Post by grimblefritz on Nov 19, 2020 18:26:00 GMT -5
inputcsv is somewhat broken. I've already posted about the need to be able to define what is a quote, a delimiter, and an end of record, and also the need to parse strings and not just files.
However, the current inputcsv doesn't seem to respect the conventions of a proper CSV file format!
Note three issues.
Issue 1
As evidenced by the third row of output, inputcsv merrily ignored the EOR marker (ie, end of line) of the second input line. Instead, it read the last field of the second line and used it as the first field of the third inputcsv. And then, it continued with the first field of the third line as its next input.
Issue 2
The above illustrates that inputcsv does not do the common things of either ignoring (or consuming) extra fields beyond what are identified in the inputcsv command. Most systems will ignore (drop) any extra fields. Some (rare) systems will simply give the remainder of the input record as the last field.
Issue 3
The fourth line of output illustrates that inputcsv also doesn't know what to do when there are fewer fields in the file than are specified to inputcsv. As with the above example, it simply continues reading from the next line.
All of the above indicate to me that LB is not doing a line input and then parsing that line into fields (which is what a proper CSV parser should do.) Instead, it gives the impression that it is parsing the file directly, beginning to end, looking for the comma delimiter (respecting quotes along the way) and simply ignoring EOR.
This all combines to make inputcsv fragile, imo. And, not useful for a lot of real world cases.
I propose, as a non-breaking fix, to enhance the existing inputcsv with a command to set a strict (or proper) csv mode:
strictcsv true|false (default to false)
If set to true, then inputcsv would behave as follows:
* Respect EOR markers (ie, do a line input and then parse that)
* If input record contains more fields than specified to inputcsv, ignore the remaining data
* If input record contains fewer fields than specified to inputcsv, set the remaining vars to null
In the second case above (more fields than vars), then an option might be to have the last inputcsv var to simply consume the rest of the record. This could be controlled via something like:
greedycsv true|false (default to false)
(An aside, it would be nice to see LB4 Windows continue development in parallel with LB5 AgnOStic - my term for multiplatform stuff - at least until LB5 is fully capable to replace LB4.)

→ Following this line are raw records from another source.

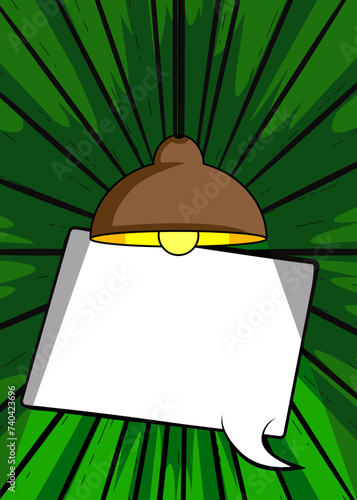 Cartoon pendant electric lamp with blank speech bubble, comic book Lighting Equipment background. Retro vector comics pop art design.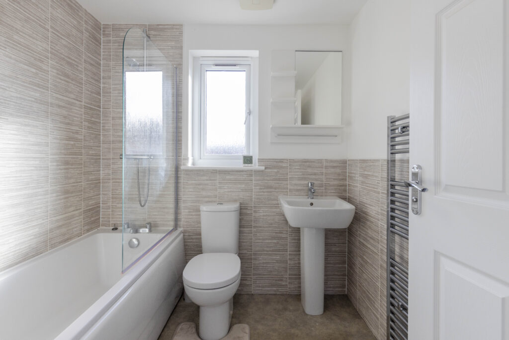 -Stylowa łazienka rodzinna – uzupełniona o praktyczną toaletę na parterze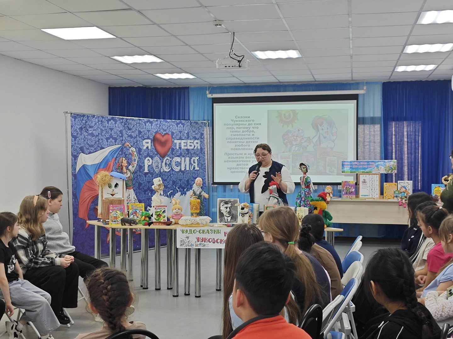 В рамках мероприятия состоялась интерактивная викторина «Дедушка Корней приглашает всех друзей», объединившая участников разных возрастов. Дети и взрослые с удовольствием читали вслух стихи, вспоминали рифмы и дополняли знакомые строки. Презентация познакомила гостей с интересными фактами из жизни писателя: как появился его знаменитый псевдоним и как создавались первые сказки.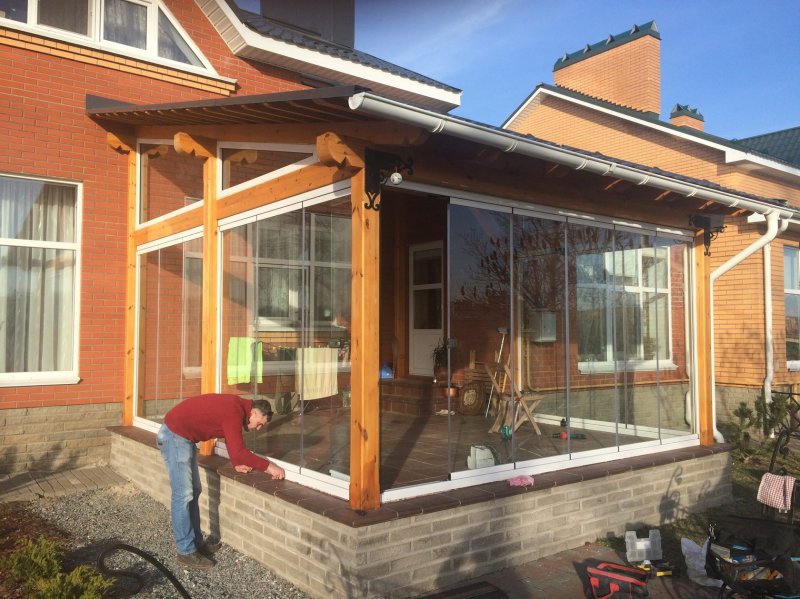 Застеклить веранду своими руками можно только в том случае, если планируется использование древесины в качестве рам. Предварительно нужно тщательно провести замеры и создать чертежи конструкции. Стекла вставляют в специальные пазы в брусе, которые заранее выпиливают. Каким бы хорошим мастером ни был хозяин, его работа все равно будет сильно уступать готовым стеклопакетам, которые производятся на фабриках и проходят строгий контроль качества.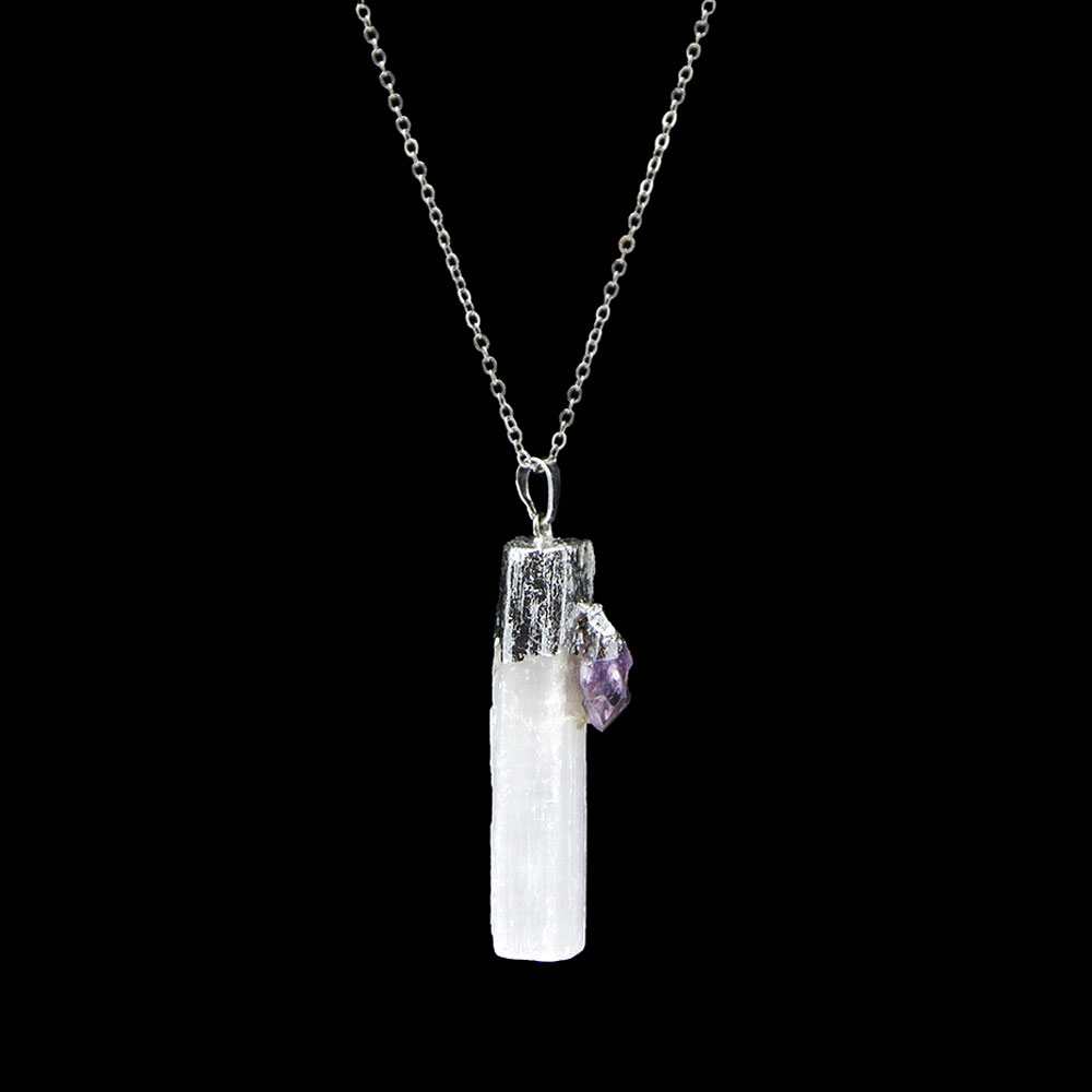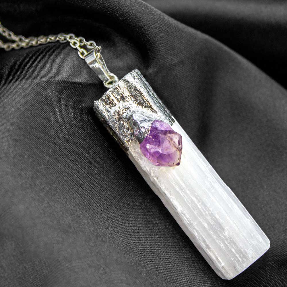 Selenite Stone is a type of Quartz, that is clear and white in appearance. Selenite Stones are linked with spirituality and inner energy. This stone can help you with reaching your spiritual objectives and manifesting your desires in life. It can also aid you in releasing anxiety or anger or any other form of negativity that is holding you back from improving your life, this includes unwanted energies from the atmosphere, such as those that might make you feel uncomfortable or depressed, as well as protecting you from any forms of psychic attacks. The Duzy in the pendant is helpful in recovering of sexual abuse, guilt or shame. It also aids in the treatment of heart and lung disorders, and enhances metabolism and healthy sexuality.

However, the current inputcsv doesn't seem to respect the conventions of a proper CSV file format!
'contents of test.txt
'
'1,11,22,33
'2,44,55,66,zz
'3,77,88,99
'4,00
'5,bb,cc,dd
'6
open "test.txt" for input as #test
while not(eof(#test))
inputcsv #test, a$, b$, c$, d$
print "a=";a$;" b=";b$;" c=";c$;" d=";d$
wend
close #test
'resulting output
'
'a=1 b=11 c=22 d=33
'a=2 b=44 c=55 d=66
'a=zz b=3 c=77 d=88
'a=99 b=4 c=00 d=5
'a=bb b=cc c=dd d=6
Note three issues.
Issue 1
As evidenced by the third row of output, inputcsv merrily ignored the EOR marker (ie, end of line) of the second input line. Instead, it read the last field of the second line and used it as the first field of the third inputcsv. And then, it continued with the first field of the third line as its next input.
Issue 2
The above illustrates that inputcsv does not do the common things of either ignoring (or consuming) extra fields beyond what are identified in the inputcsv command. Most systems will ignore (drop) any extra fields. Some (rare) systems will simply give the remainder of the input record as the last field.
Issue 3
The fourth line of output illustrates that inputcsv also doesn't know what to do when there are fewer fields in the file than are specified to inputcsv. As with the above example, it simply continues reading from the next line.
All of the above indicate to me that LB is not doing a line input and then parsing that line into fields (which is what a proper CSV parser should do.) Instead, it gives the impression that it is parsing the file directly, beginning to end, looking for the comma delimiter (respecting quotes along the way) and simply ignoring EOR.
This all combines to make inputcsv fragile, imo. And, not useful for a lot of real world cases.
I propose, as a non-breaking fix, to enhance the existing inputcsv with a command to set a strict (or proper) csv mode:
strictcsv true|false (default to false)
If set to true, then inputcsv would behave as follows:
* Respect EOR markers (ie, do a line input and then parse that)
* If input record contains more fields than specified to inputcsv, ignore the remaining data
* If input record contains fewer fields than specified to inputcsv, set the remaining vars to null
In the second case above (more fields than vars), then an option might be to have the last inputcsv var to simply consume the rest of the record. This could be controlled via something like:
greedycsv true|false (default to false)
(An aside, it would be nice to see LB4 Windows continue development in parallel with LB5 AgnOStic - my term for multiplatform stuff - at least until LB5 is fully capable to replace LB4.)